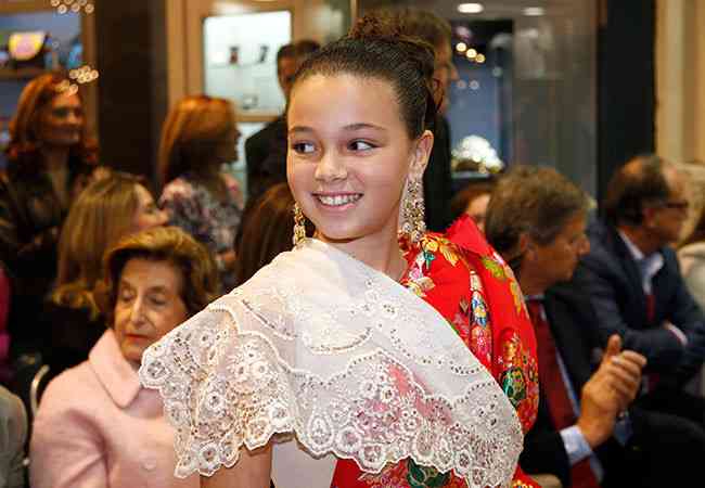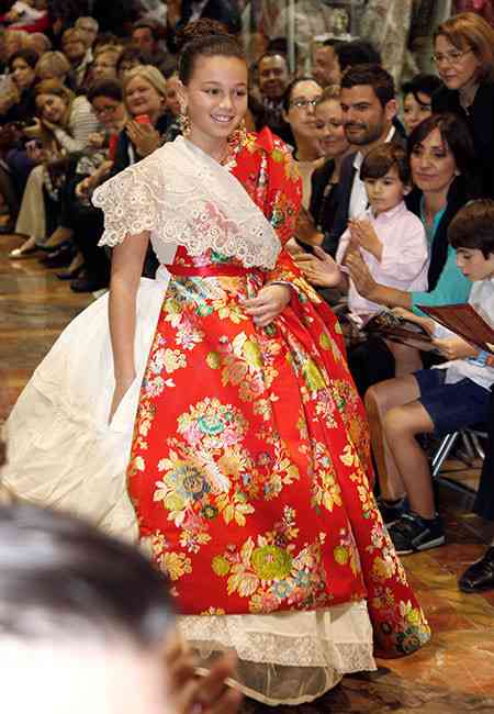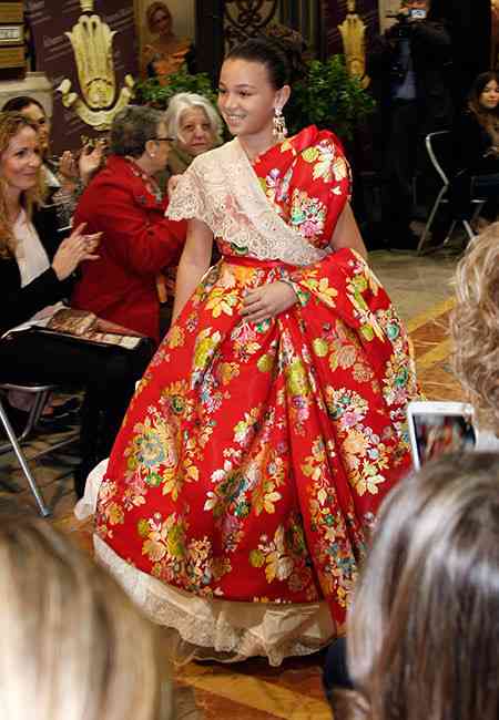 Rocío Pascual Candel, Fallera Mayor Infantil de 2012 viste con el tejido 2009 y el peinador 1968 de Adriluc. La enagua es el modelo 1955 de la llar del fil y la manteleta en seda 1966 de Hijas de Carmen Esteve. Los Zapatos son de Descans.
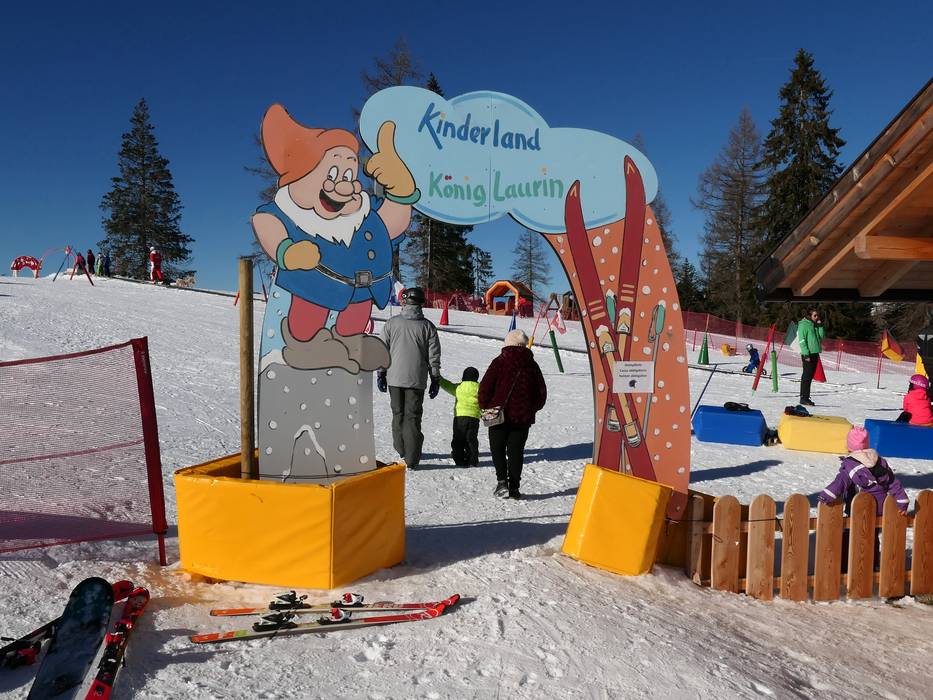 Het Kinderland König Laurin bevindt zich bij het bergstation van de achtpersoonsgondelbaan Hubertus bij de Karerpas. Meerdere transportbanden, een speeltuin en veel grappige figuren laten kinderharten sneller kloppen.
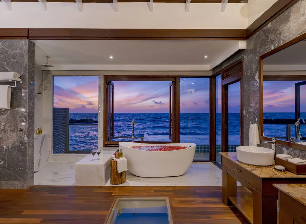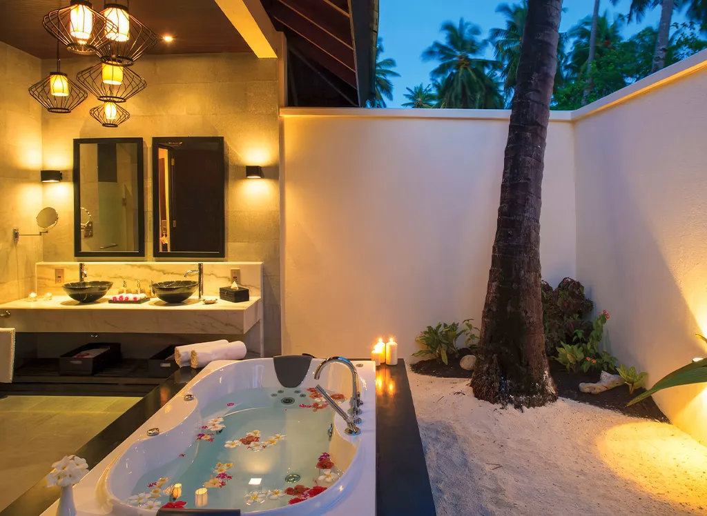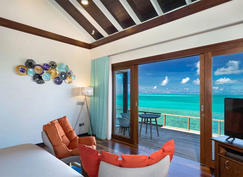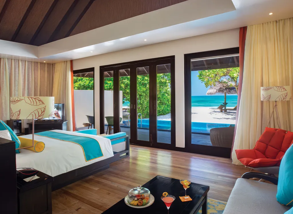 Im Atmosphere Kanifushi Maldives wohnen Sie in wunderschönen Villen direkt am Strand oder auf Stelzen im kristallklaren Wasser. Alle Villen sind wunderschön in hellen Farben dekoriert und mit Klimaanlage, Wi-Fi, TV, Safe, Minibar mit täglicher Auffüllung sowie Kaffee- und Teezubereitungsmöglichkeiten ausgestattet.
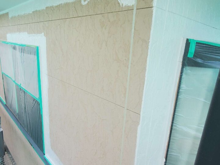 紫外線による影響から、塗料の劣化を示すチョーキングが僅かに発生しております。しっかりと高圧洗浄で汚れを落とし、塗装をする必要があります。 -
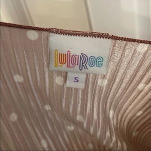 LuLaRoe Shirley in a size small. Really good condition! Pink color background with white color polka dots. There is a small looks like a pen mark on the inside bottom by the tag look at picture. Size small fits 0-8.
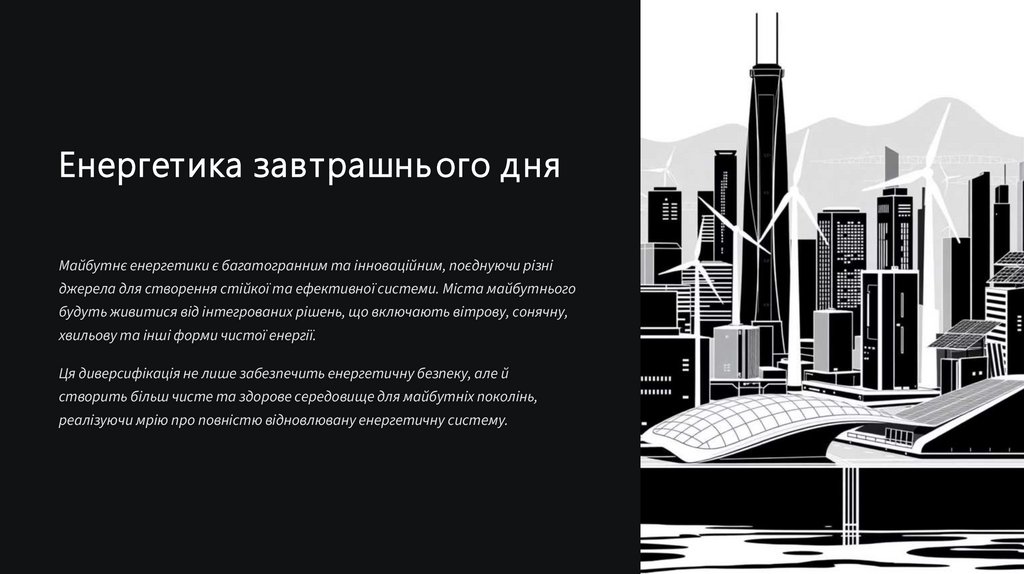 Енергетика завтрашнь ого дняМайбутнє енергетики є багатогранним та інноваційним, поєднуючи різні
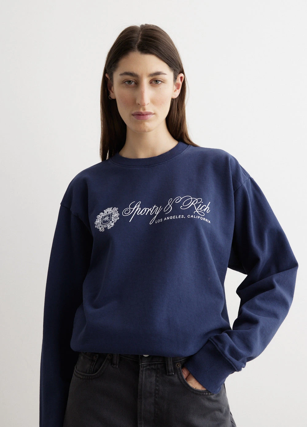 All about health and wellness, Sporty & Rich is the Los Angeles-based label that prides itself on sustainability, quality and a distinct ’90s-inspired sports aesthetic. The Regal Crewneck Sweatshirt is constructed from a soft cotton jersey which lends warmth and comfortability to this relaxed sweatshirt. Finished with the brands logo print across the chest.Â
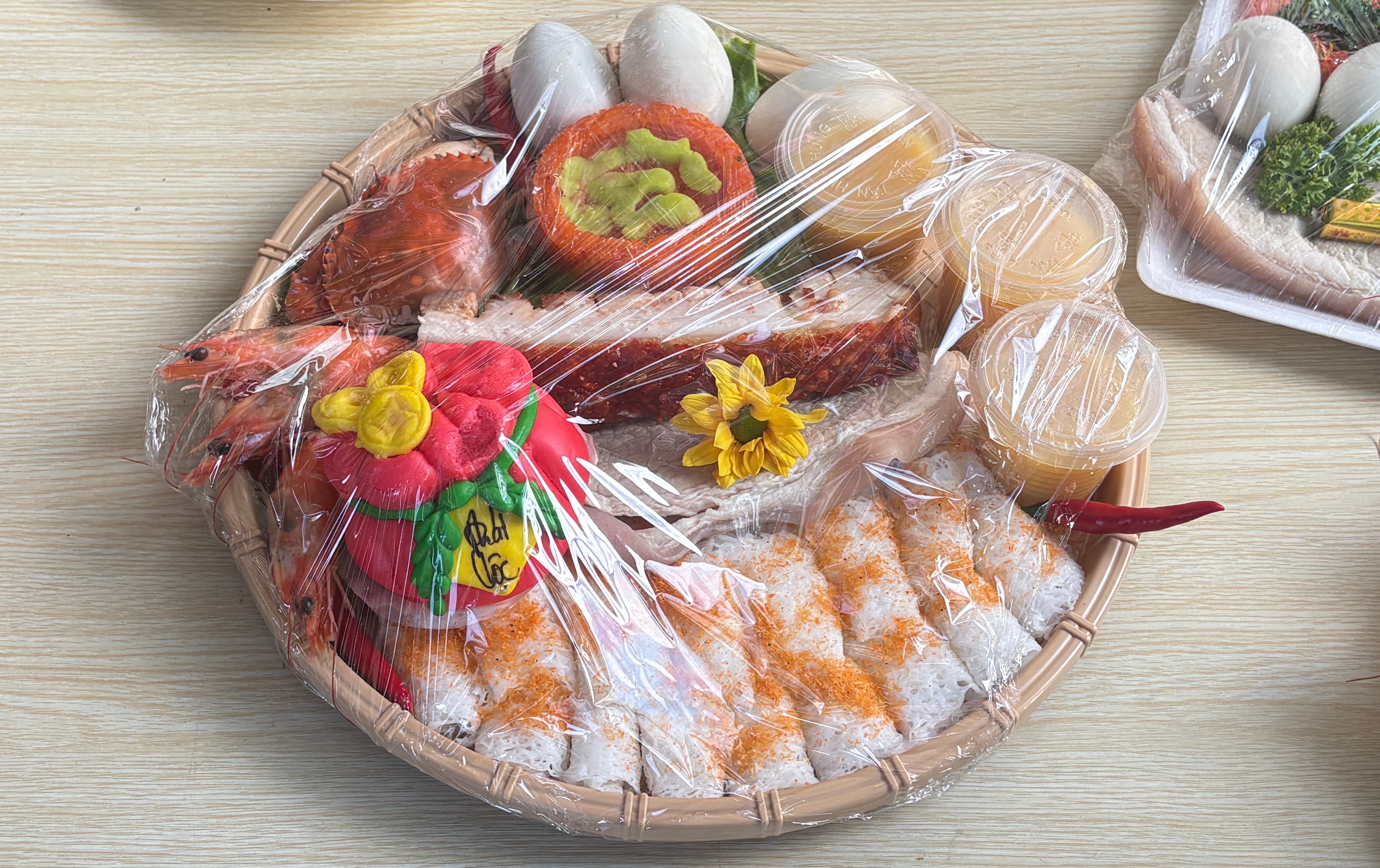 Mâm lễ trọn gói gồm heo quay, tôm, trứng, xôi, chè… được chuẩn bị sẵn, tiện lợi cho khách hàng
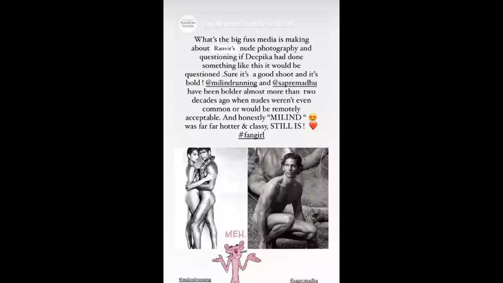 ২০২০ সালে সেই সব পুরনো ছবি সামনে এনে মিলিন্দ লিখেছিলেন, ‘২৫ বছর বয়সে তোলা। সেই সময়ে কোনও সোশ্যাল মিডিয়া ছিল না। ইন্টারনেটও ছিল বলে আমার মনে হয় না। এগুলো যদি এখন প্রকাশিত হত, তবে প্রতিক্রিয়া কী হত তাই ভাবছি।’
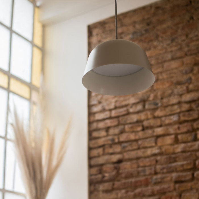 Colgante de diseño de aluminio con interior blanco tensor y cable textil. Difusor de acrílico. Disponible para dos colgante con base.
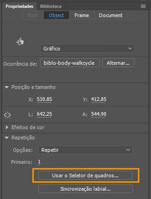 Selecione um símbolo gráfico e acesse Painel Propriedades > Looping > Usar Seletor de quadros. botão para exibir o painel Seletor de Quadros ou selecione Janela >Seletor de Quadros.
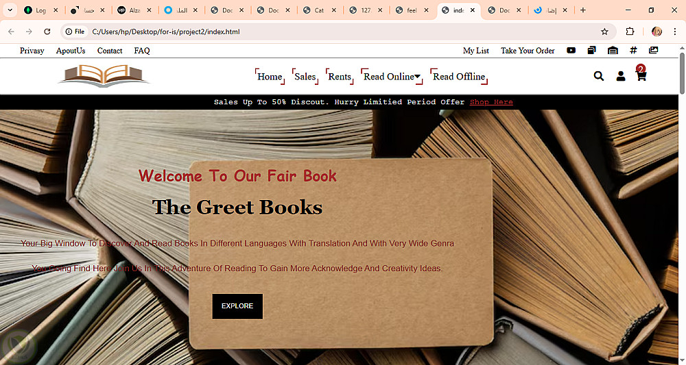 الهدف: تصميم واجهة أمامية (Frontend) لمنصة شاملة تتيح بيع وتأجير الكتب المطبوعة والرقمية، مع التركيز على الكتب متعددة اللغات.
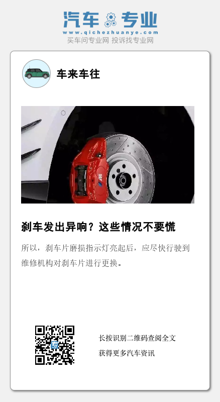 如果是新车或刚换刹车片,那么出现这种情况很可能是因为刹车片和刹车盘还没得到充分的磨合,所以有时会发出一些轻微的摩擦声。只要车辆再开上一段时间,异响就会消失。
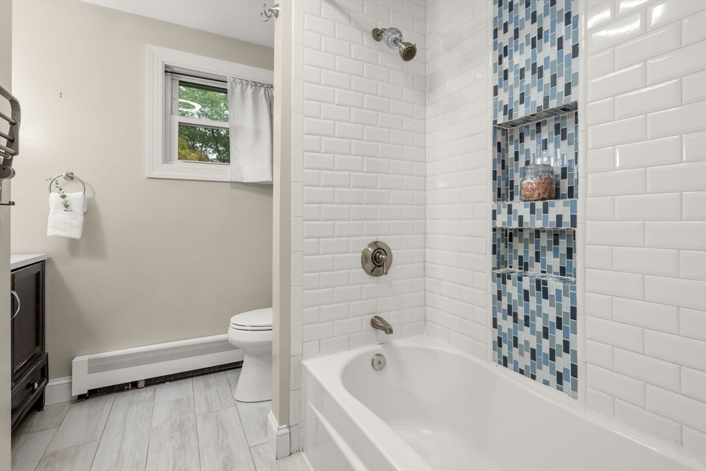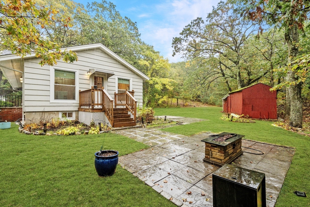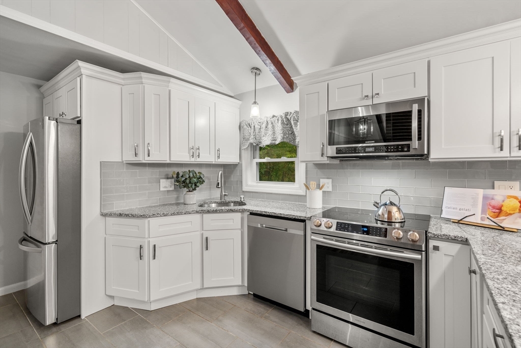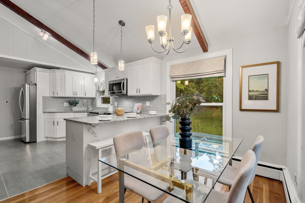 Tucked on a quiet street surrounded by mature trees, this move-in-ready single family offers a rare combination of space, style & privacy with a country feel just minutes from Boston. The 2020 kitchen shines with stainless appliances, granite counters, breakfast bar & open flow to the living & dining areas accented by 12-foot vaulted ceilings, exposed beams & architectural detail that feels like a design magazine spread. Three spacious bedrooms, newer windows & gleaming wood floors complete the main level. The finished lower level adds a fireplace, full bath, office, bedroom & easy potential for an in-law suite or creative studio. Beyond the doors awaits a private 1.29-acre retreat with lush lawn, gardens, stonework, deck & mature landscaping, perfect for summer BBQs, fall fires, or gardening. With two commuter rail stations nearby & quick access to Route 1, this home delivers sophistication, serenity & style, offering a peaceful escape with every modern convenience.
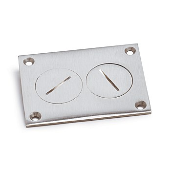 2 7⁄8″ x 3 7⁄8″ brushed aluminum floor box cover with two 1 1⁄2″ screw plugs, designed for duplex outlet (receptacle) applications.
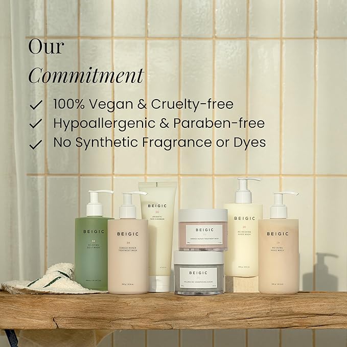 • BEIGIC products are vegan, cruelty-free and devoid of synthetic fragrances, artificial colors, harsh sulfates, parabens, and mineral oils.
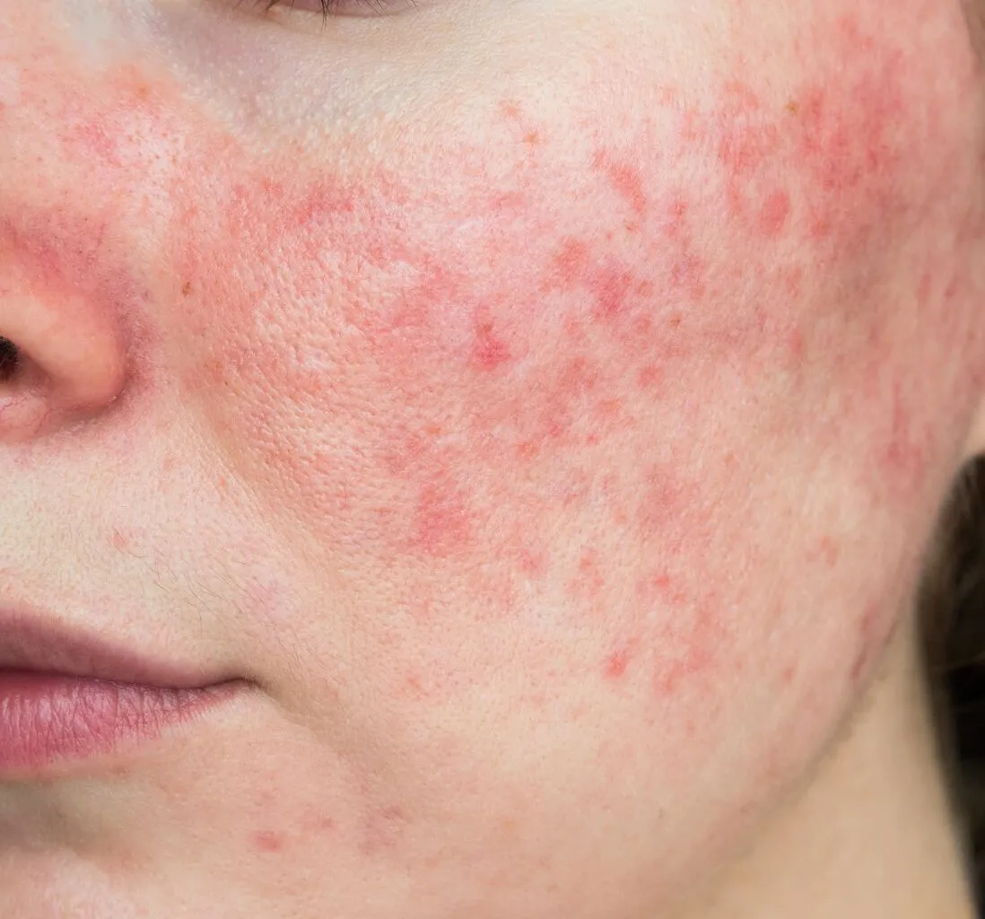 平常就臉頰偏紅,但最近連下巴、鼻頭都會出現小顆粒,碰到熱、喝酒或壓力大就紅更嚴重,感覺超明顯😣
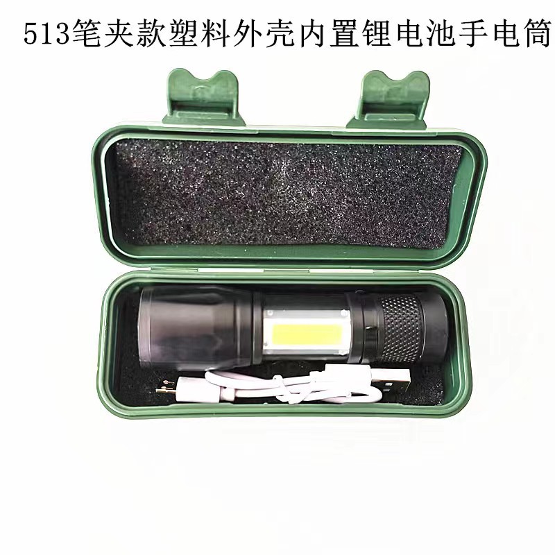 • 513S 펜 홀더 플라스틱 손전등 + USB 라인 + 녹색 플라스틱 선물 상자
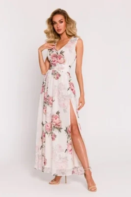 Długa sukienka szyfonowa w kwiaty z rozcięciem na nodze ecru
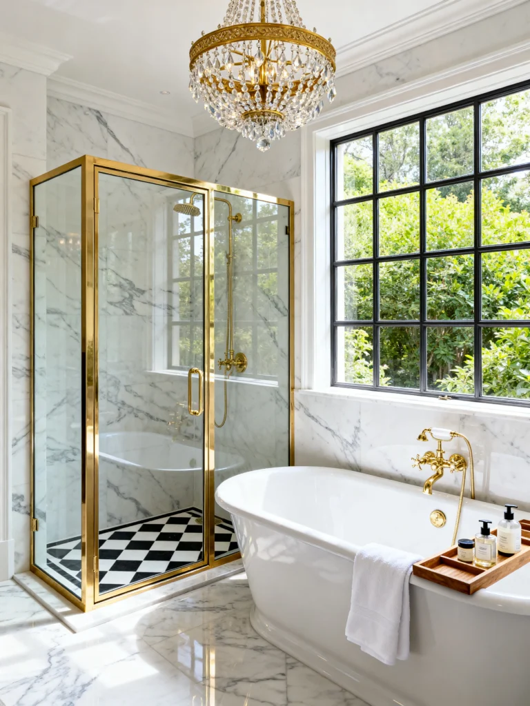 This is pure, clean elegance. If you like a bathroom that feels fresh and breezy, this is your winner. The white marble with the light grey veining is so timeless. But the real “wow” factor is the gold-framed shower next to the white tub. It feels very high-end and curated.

============

[Task details]
Quote, please, only the lines running from the one with "2 7⁄8″ x 3 7⁄8″" down to the final line of the data above, keeping both ends and skipping the pictures.

[Answer to this exercise]
 2 7⁄8″ x 3 7⁄8″ brushed aluminum floor box cover with two 1 1⁄2″ screw plugs, designed for duplex outlet (receptacle) applications.
 • BEIGIC products are vegan, cruelty-free and devoid of synthetic fragrances, artificial colors, harsh sulfates, parabens, and mineral oils.
 平常就臉頰偏紅,但最近連下巴、鼻頭都會出現小顆粒,碰到熱、喝酒或壓力大就紅更嚴重,感覺超明顯😣
 • 513S 펜 홀더 플라스틱 손전등 + USB 라인 + 녹색 플라스틱 선물 상자
 Długa sukienka szyfonowa w kwiaty z rozcięciem na nodze ecru
 This is pure, clean elegance. If you like a bathroom that feels fresh and breezy, this is your winner. The white marble with the light grey veining is so timeless. But the real “wow” factor is the gold-framed shower next to the white tub. It feels very high-end and curated.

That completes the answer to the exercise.